Question

The sum of the squares of three consecutive odd numbers is 83. Find the numbers.

Answer 1

In order to represent three consecutive odd numbers, we can use the expressions "x", "x+2" and "x+4".

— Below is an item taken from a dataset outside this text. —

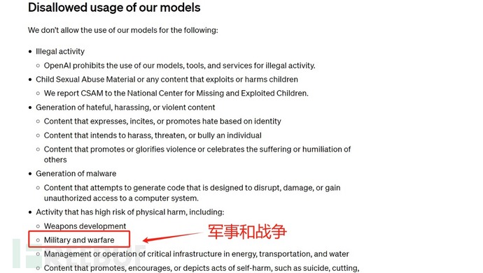 在上周的其技修改后,OpenAI在“通用政策”条款中虽然也有“不要使用公司服务伤害自己或他人”,用于用途并明确表示禁止“AI开发或操纵武器”,但军事这一关键限制性词汇,却从政策中消失了。

If we add the square of each number, the result is 83, so we can write the following inequality:

`\begin{gathered} x^2+(x+2)^2+(x+4)^2=83\\ \\ x^2+x^2+4x+4+x^2+8x+16=83\\ \\ 3x^2+12x+20=83\\ \\ 3x^2+12-63=0\\ \\ x^2+4x-21=0 \end{gathered}`

Let's solve this quadratic equation using the quadratic formula, with a = 1, b = 4 and c = -21:

`\begin{gathered} x=(-b\pm√(b^2-4a)c)/(2a)\\ \\ x=(-4\pm√(16+84))/(2)\\ \\ x=(-4\pm10)/(2)\\ \\ x_1=(-4+10)/(2)=(6)/(2)=3\\ \\ x_2=(-4-10)/(2)=(-14)/(2)=-7 \end{gathered}`

If we assume the numbers are positive, the numbers are 3, 5 and 7.

(The other result, with negative numbers, would be -7, -5 and -3).